If both spouses have HDHPs with self-only
coverage, complete a separate Form 8853, Section A,
Part I, for each spouse. Enter “statement” across the top
of each Form 8853, fill in the name and SSN, and
complete Part I. Next, add lines 1, 2, and 5 from the two
statement Forms 8853 and enter those totals on the
respective lines of the controlling Form 8853 (the
combined Form 8853 for both spouses).

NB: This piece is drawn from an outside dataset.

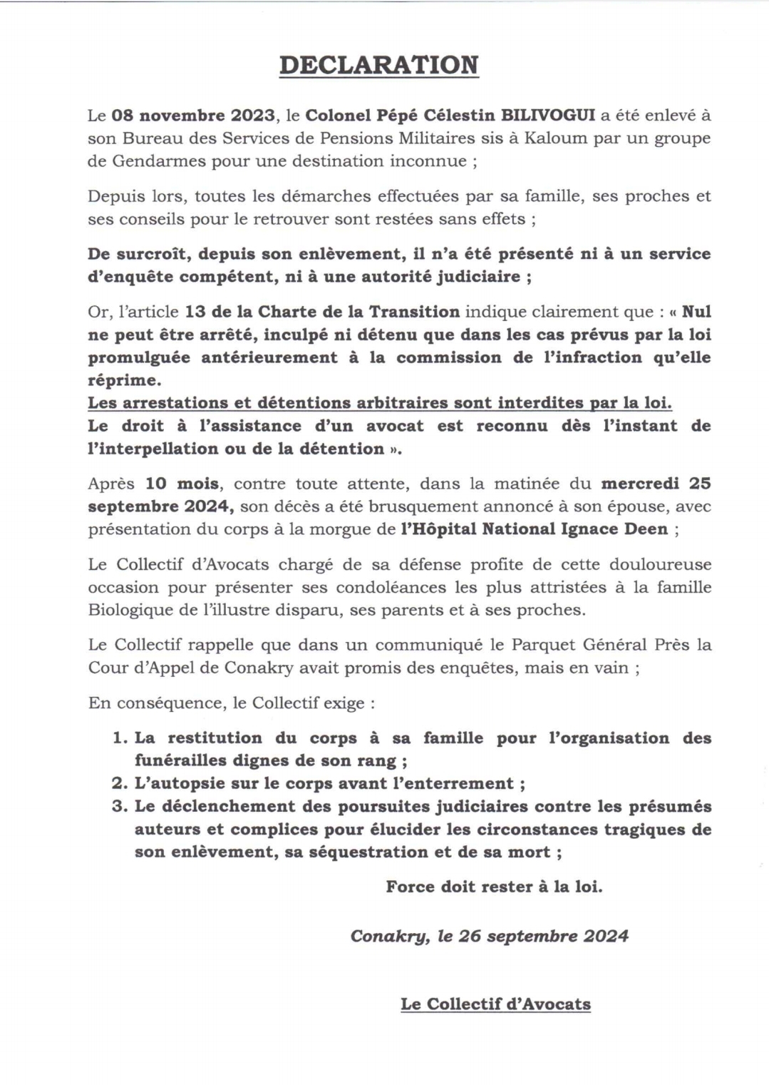 Le collectif d’avocats, exprimant sa consternation, exige des actions immédiates : « En conséquence, le collectif exige la restitution du corps à sa famille pour l’organisation des funérailles dignes de son rang ; l’autopsie sur le corps avant l’enterrement ; et le déclenchement des poursuites judiciaires contre les présumés auteurs et complices pour élucider les circonstances tragiques de son enlèvement, sa séquestration et de sa mort. Force doit rester à la loi. »

Don't complete
lines 3 and 4 of the controlling Form 8853. Attach the two
statement Forms 8853 to your paper tax return after the
controlling Form 8853.
Line 1
Employer Contributions
Employer contributions include any amount an employer
contributes to any Archer MSA for you or your spouse for
2023. These contributions should be shown in box 12 of
Form W-2 with code R. If your employer made excess
contributions, you may have to report the excess as
income. See
Excess Employer Contributions, later, for
details.
Line 2
Include on line 2 contributions you made to your Archer
MSA in 2023. Also include those contributions made from
January 1, 2024, through April 15, 2024, that were for
2023. Don't include amounts rolled over from another
Archer MSA. See
Rollovers, later.
Line 3
Go through the chart at the top of the Line 3 Limitation
Chart and Worksheet for each month of 2023. Enter the
result on the worksheet next to the corresponding month.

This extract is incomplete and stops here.